Mom leads me to the table, where we sit opposite each other. She stretches her arms across the table, beckoning me to put my hands in hers, waiting until I do before she speaks again.
“Fear has no place in love. Just acceptance. You will lose him. Or maybe he’ll lose you first. You’ll hurt.
You’ll misunderstand each other. You’ll have hard times, whether you’re together for five years or fifty.
Once you accept that all of that will happen, you don’t have to be afraid of it, as long as you remember to hold on to every minute you have the chance to love another person the way I loved your dad and he loved me. ”
I squeeze her hands in mine. “I want everything to be okay. I don’t want to hurt like you did. As happy as you tried to make my childhood—especially at Christmas—I’ve always sensed a sadness that Dad’s not here.”
Mom tips her head and smiles. “That little bit of sad is how I know what happy is.”
I let out a hard laugh. “I don’t need to feel sad to know when I feel happy.”
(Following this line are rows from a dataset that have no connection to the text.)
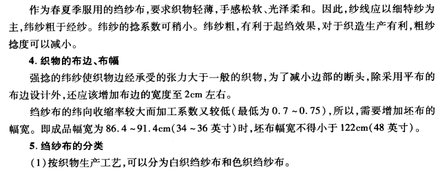 绉纱是由强捻纬纱所织成的稀薄平纹织物。沿着织物横向有着自然折皱效应,完泽柔和。织物具有“薄、结、松、弹”的风格。即手感轻薄松软、富有弹性、透气性较好、绉纹清楚。绉纱布松软、紧身、舒适的特点,很适合做内衣、睡衣、裙料、童服和装饰用品。
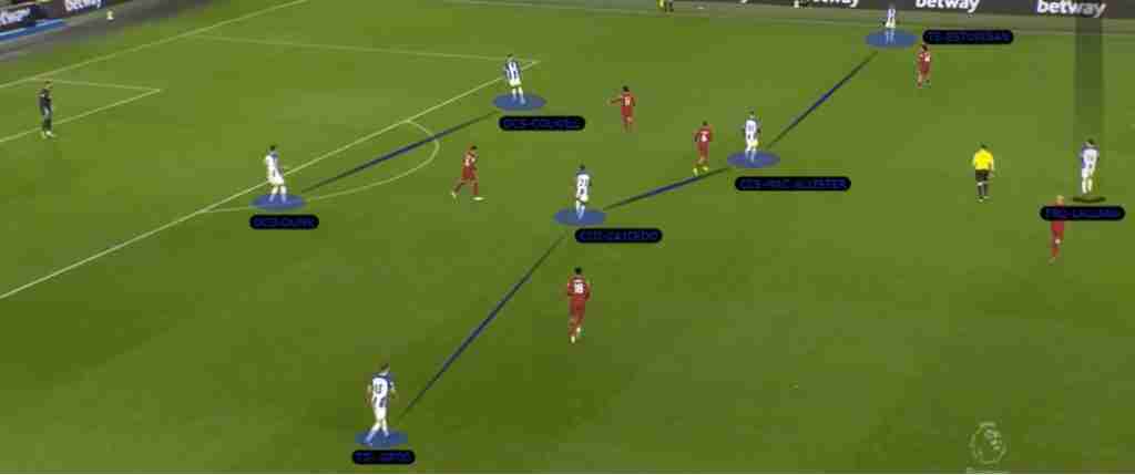 In genere nel Brighton, schierato in non possesso con il 4-4-2, Ferguson e Lallana cercano di schermare il passaggio per le vie centrali, e quando uno dei 2 esce forte sul portatore di palla, in genere un difensore, l’altro va a coprire la linea di passaggio sul play.
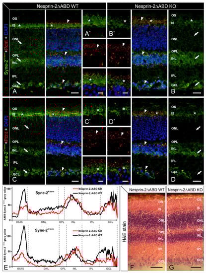 Both antibodies detected Syne-2 in the Syne-2/Nesprin-2 KO and WT control retinae with Syne-2 immunoreactivity being present throughout the different retinal layers: the photoreceptor inner segments (IS), the outer nuclear membrane of retinal cells in the outer nuclear layer (ONL), the membrane of the inner nuclear (INL), and the ganglion cell layer (GCL). Comparing the staining between the two genotypes, Syne-2 immunofluorescence was noticeably weaker in the IS and the ONL of the Syne-2/Nesprin-2 KO retinae (Figure 1B,D,E) compared to the WT controls (Figure 1A,C,E). Double labeling of Syne-2 and Pcnt showed i) a co-distribution of Syne-2/Pcnt at the ciliary region of the photoreceptors in both genotypes and ii) a Pcnt staining at the centrosomes in the INL and GCL in Nesprin-2△ABD KO retinae that did not differ from WT control retinae (Figure 1A’,B’,C’,D’). Hematoxylin and eosin staining of Nesprin-2ΔABD WT and KO retinae showed no structural differences in the mouse retina (Figure 1F,G). Taken together, we could not detect any significant differences in the overall appearance of the retinal morphology and the expression of Syne-2 and Pcnt in the Syne-2/Nesprin-2 KO mice compared to WT control mice. Only the photoreceptors showed reduced staining of Syne-2 in the Syne-2/Nesprin-2 KO compared to WT control mice (Figure 1E; KO and control mice were littermates in these experiments).
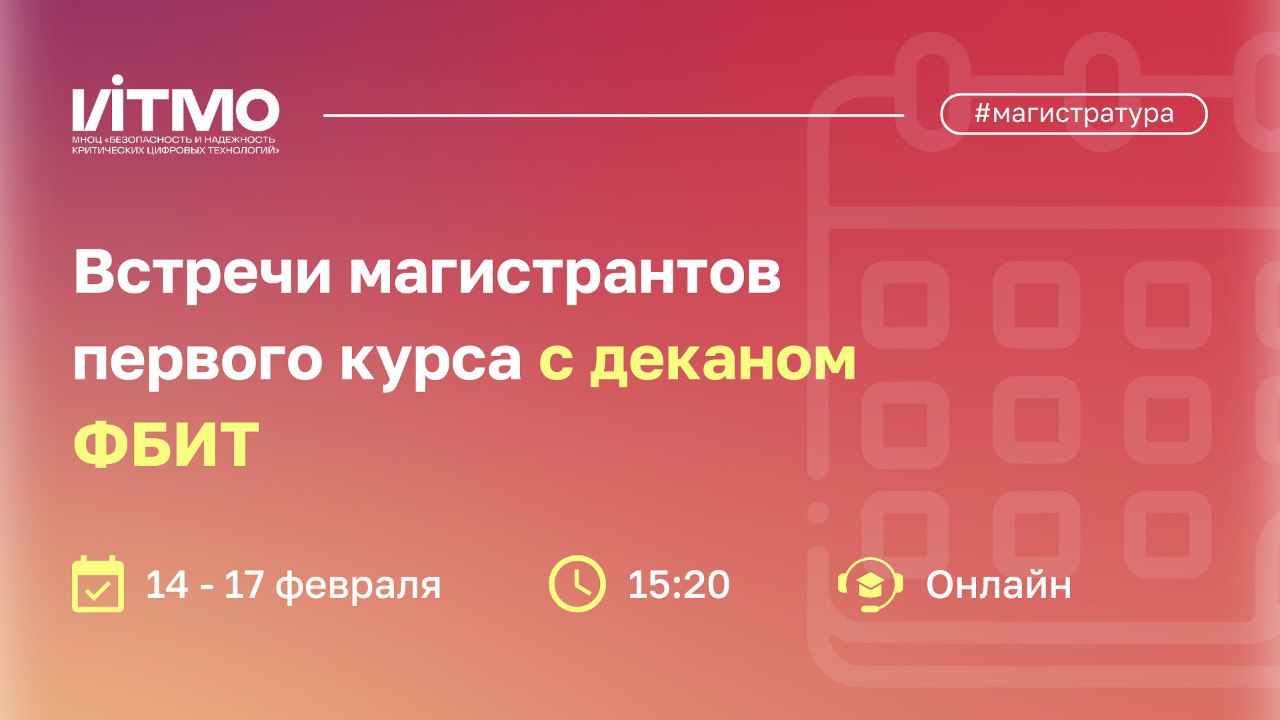 Одна из главных задач в магистратуре — это своевременно выбрать научного руководителя и тему исследования. Чтобы помочь первокурсникам с выбором, декан ФБИТ Заколдаев Данил Анатольевич проведет дистанционные встречи. На встречах вы обсудите работу над ВКР, результаты зимней сессии и сможете задать вопросы.
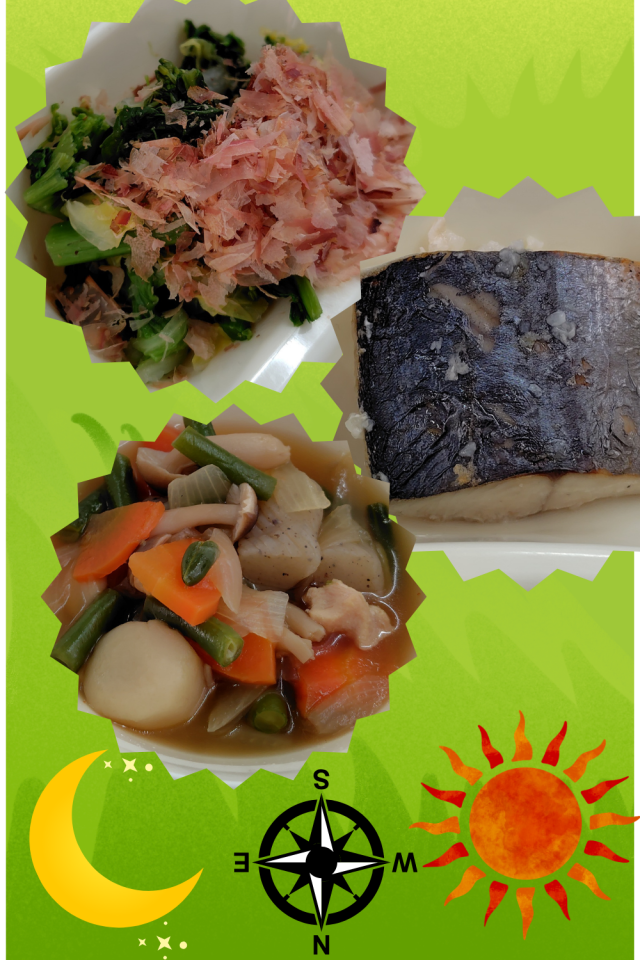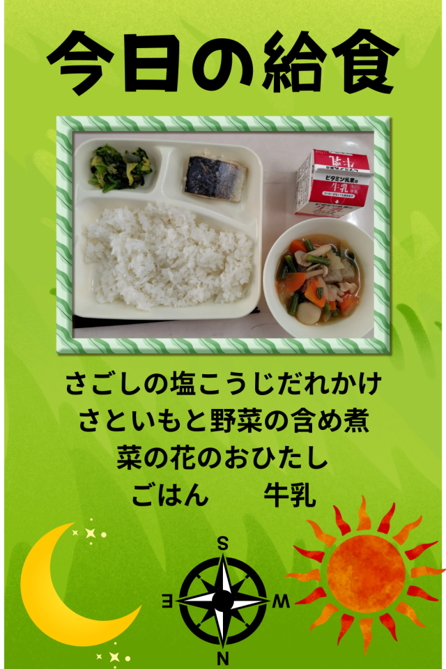 本日の給食のメニューは、さごしの塩こうじだれかけ、さといもと野菜の含め煮、菜の花のおひたし、ごはん、牛乳でした。
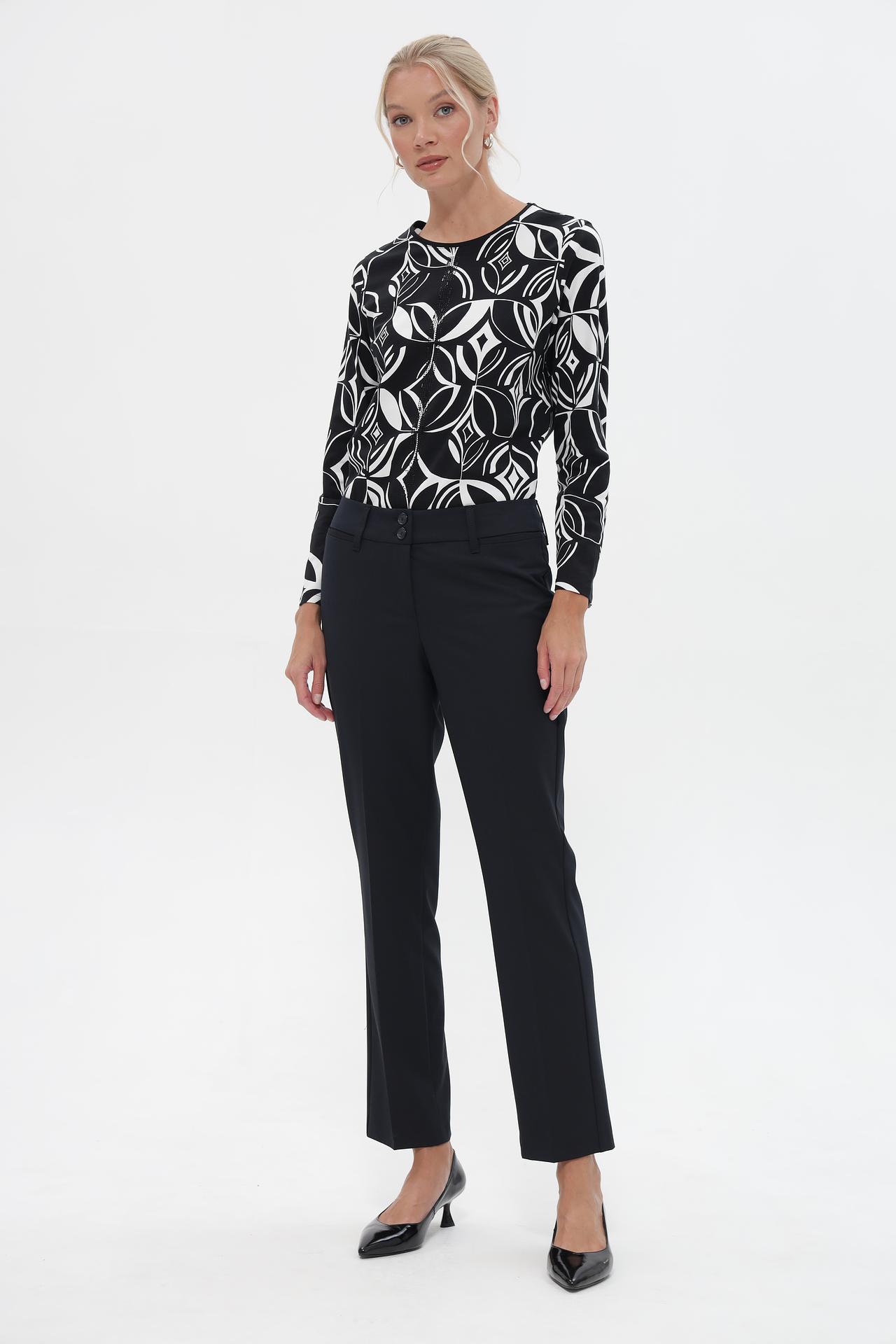 - Крой: Классический прямой крой обеспечивает элегантность и визуально удлиняет ноги. Брюки не стесняют движений, что делает их идеальными для активного образа жизни.
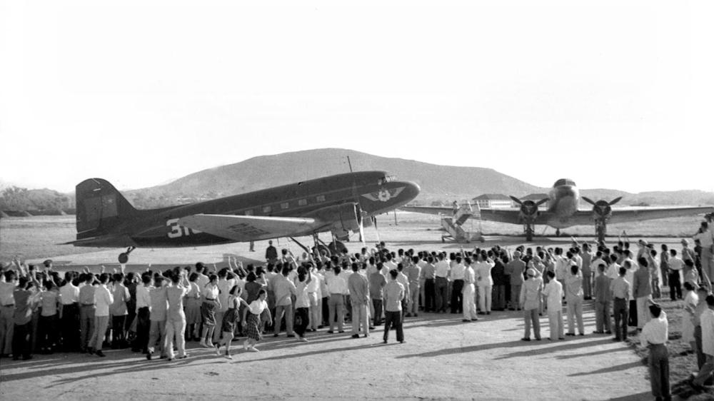 1956年4月24日,從中國廣州經(jīng)南寧至越南河內(nèi)的民用航線正式通航。這是首航飛機準備起飛。

“If you want to feel all the good things,” Mom answers firmly, “you can’t hold back from feeling the hard things. Rhys understands that. It’s what he sang about last night. Love is what you hold on to, even when you’re afraid.”
I think back to Rhys’s song and the words that spoke to me in a way none of his other songs have.
I guess I thought what I felt had as much to do with the song being for me rather than what it was about.
I’ve repeated the lines If every gift faded, I’d still believe, Because you’re the wonder that I get to keep a dozen times since last night.
For the first time, I hear what Mom is saying. The song isn’t about not losing someone; it’s about love lasting long after everything—and everyone—is gone.
I’m not sure how I feel about that, but I stand and give Mom a big hug. “Thank you, Mamma. I’ll try.”